Remuneration for professional services

2 March, 2015
by: Cripps Pemberton Greenish

The Court of Appeal decision in D&K Drost Consult GmbH and another v Foremost Leisure (Holdings) Ltd (2015) concerned fees due to a professional consultant for preliminary services which were disputed by the developer.

Very much like the case in our last post the case centred on the interpretation of the conduct of the parties. Our last post concerned a case where the court had to decide whether a contract had been formed. This case concerned the terms of the agreement reached by the parties.

Almost every development or construction project will require the services of a professional consultant such as an architect, engineer or planning consultant, often at a very early stage. The type and number of consultants required will very much depend on the needs of the individual project.

In this case the professional consultants were an architectural firm and a project management company and the project was the development of a hotel site.
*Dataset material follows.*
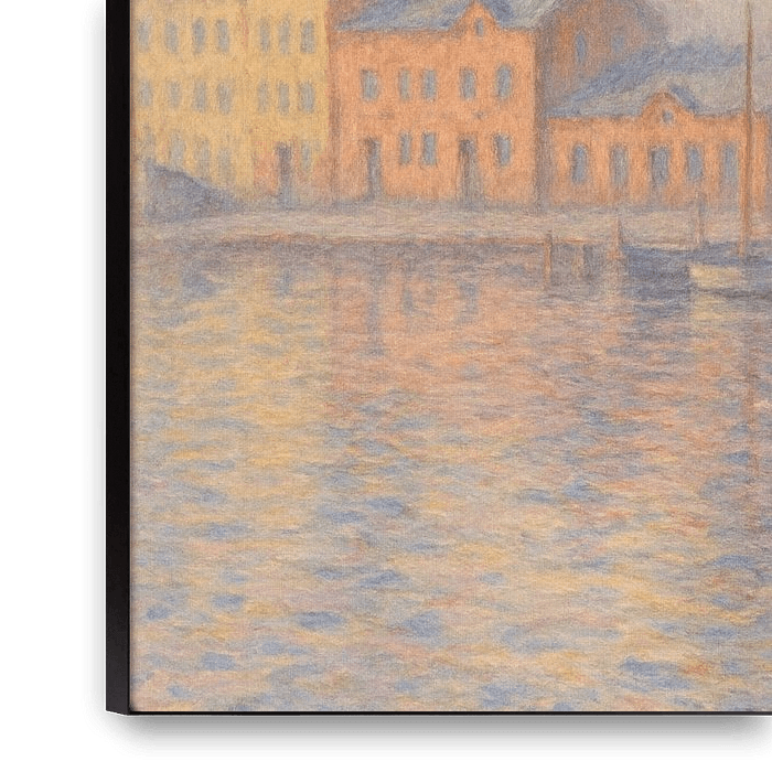 Ihre gewählte Kunst auf Leinwand, gespannt in einem Aluminiumrahmen. Schnell und einfach austauschbar für eine frische Ausstrahlung und ganz nach Ihren Wünschen.

Preliminary services were performed by the professional consultants in anticipation that the parties would enter into a binding retainer which would govern the totality of their relationship. Negotiations on the terms of that agreement were conducted alongside the provision of services.
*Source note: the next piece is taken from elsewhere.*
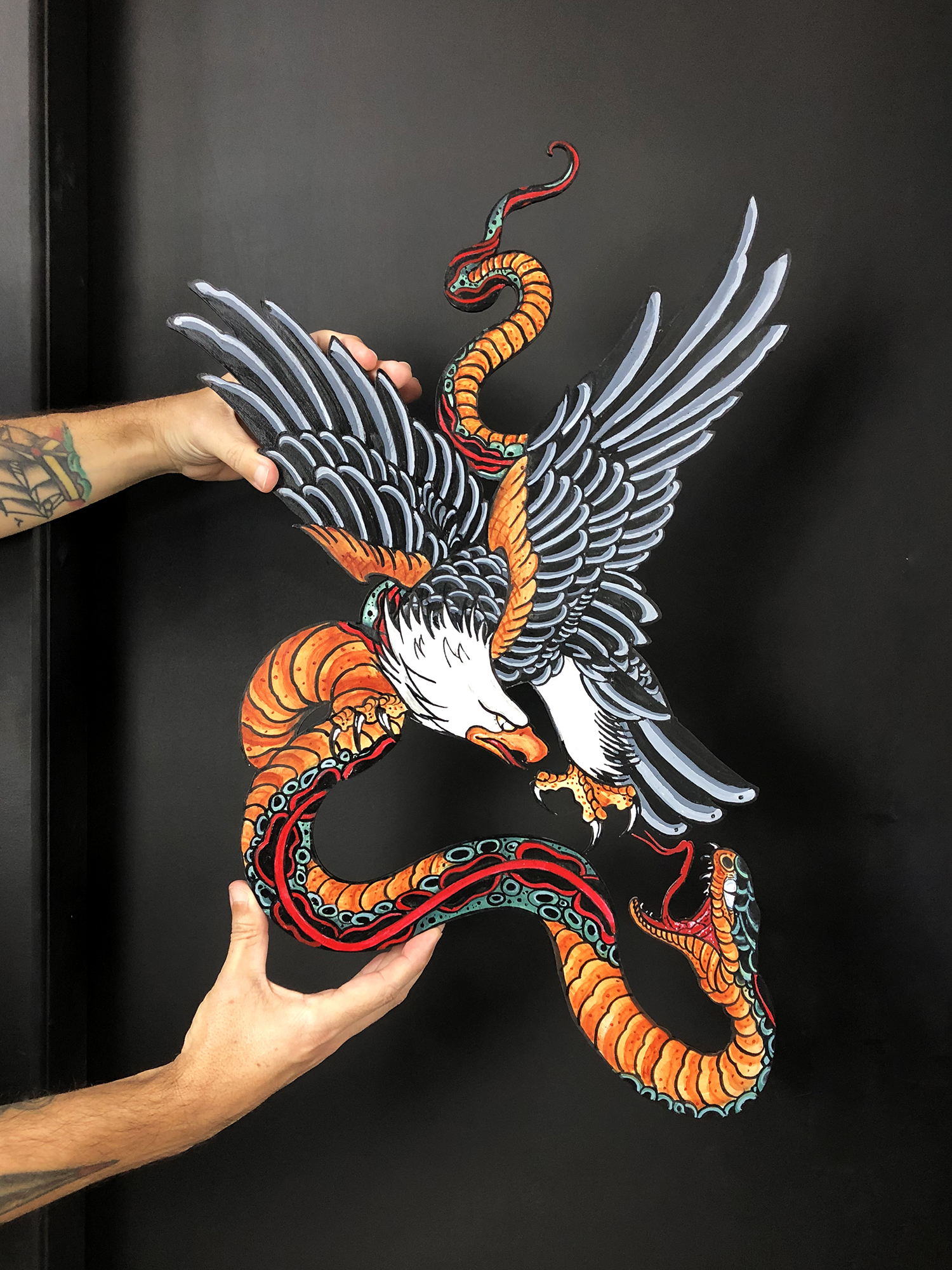 A cena retrata a batalha entre a águia e a serpente, executada manualmente pelo artista e tatuador Luciano (@lucstattoos), respeitando o tempo, o gesto e o processo da pintura artesanal.

The developer became dissatisfied with the performance of the professionals in question and appointed replacements. It was only after that event that an agreement was reached. The value of the services provided were agreed to be €150,000. The developer was invoiced for this sum but did not pay.
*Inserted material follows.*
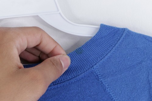 There is a snag pull on sleeve and blemishes lower back and collar. Some piling due to age

The dispute concerned the terms of the agreement. It was contended by the developer that the agreement was a fee for services both past and future and consequently there was no obligation to pay the full sum at the point contended. The professionals contended that on the terms of the agreement there was clearly no further services to be rendered and as a result the full sum was properly due and owing. The Court at first instance agreed with the professionals and the Court of Appeal upheld this decision. On the facts of the case it made no sense that the agreement could have related to both past and future services, particularly in circumstances where a new professional team had been appointed.

While the case turns on its facts there are some practical pointers that arise, most notably the need for clarity in all respects at an early stage. A letter of intent may have resolved any confusion in the case at the outset but even short of that, good practice dictates that where parties are providing services without a formal contract in place, clearly communication is vital to minimise the risk of these sorts of disputes arising.